First of all, there’s the mobile app. It can pull up your tickets and direct you to your seat. You can use it to order food and beer, and have it delivered to your seat. And if you’re so glued to your phone that you miss a game-changing interception, the app has instant replay.

 

Levi’s Stadium app

A screenshot of the Levi’s Stadium app. It can even direct you to your parking spot.

 

“It enables an enhanced fan experience that more closely simulates what you can get on your couch,” says Paul Kapustka, editor-in-chief of Mobile Sports Report, which tracks technology in stadiums.

The $1.3 billion venue has wi-fi, cell service and room to grow, technologically.

“This may be the sort of new standard that new stadiums are aiming for,” says Kapustka.

The team is also making a big deal about how green its new home is.    

I went to check out Levi’s Stadium when it was still under construction, at the end of last year. Jack Hill, who oversees all the construction, showed me around.

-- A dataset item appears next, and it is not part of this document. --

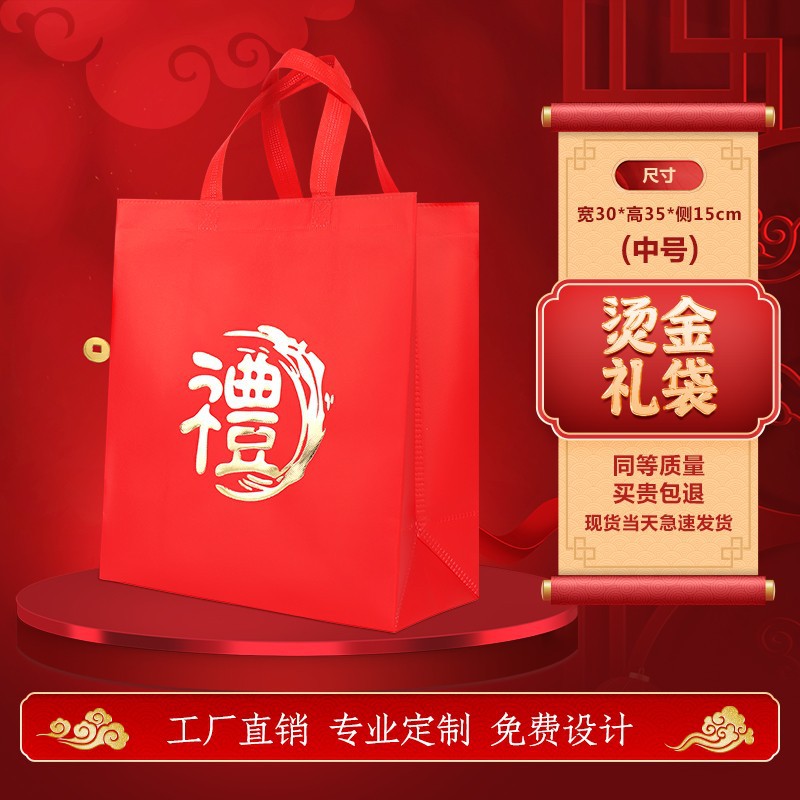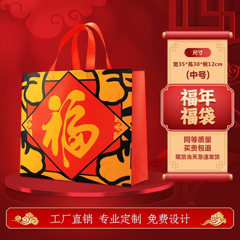 2026년 뱀의 해 신상 부직포 선물 가방 인쇄 로고 새해 포장 코팅 핸드백 도매 추가 인쇄스토어 가기
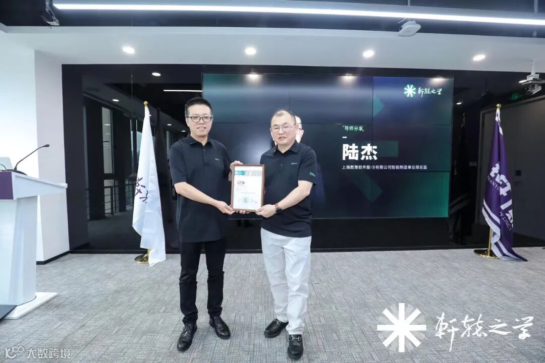 轩辕之学铃轩班,以“打造中国汽车供应网络最强生态圈”为己任,面向汽车行业零部件企业领导人推出供应链进化方向的顶级创新课程,师资力量由多为产业主流车企采购领导人、研发领导人和行业专家构成,致力于为中国汽车零部件行业向上提供三大武器:赋能、链接和化反。数字化变革模块第一天课程正式开始之前,轩辕之学校长、汽车商业评论总编辑、汽场联合创始人贾可博士向数策专家陆杰颁发了导师证书。

“You see the purple pipe? That’s all recycled water,” Hill said, pointing up at the ceiling on field level. The water for the field comes from a nearby water treatment plant.

And up on the roof, he pointed out the solar panels, mounted on top of a tower of suites the length of, well, of a football field. Solar panels also cover pedestrian bridges between the parking lot and the stadium. Those panels will collect enough energy to offset game-day electricity use.

 

Solar panel

Niners fans on one of the solar-panel covered pedestrian bridges, coming to tour the stadium before the season starts.

 

“The Niners have said this: they are absolutely using this as a showcase,” says Andy Dallin, one of the principals of ADC Partners, a sports marketing agency in the Bay Area. “It’s their goal to make sure the stadium manifests everything that Silicon Valley represents.”

Dallin says sure, the 49ers have the tech side down.

“I think the much harder thing to do is the human side of this,” he says.

On a sort of test-run, at a soccer game earlier this month, traffic was a mess. So the Niners are working out some real life kinks at this high-tech stadium.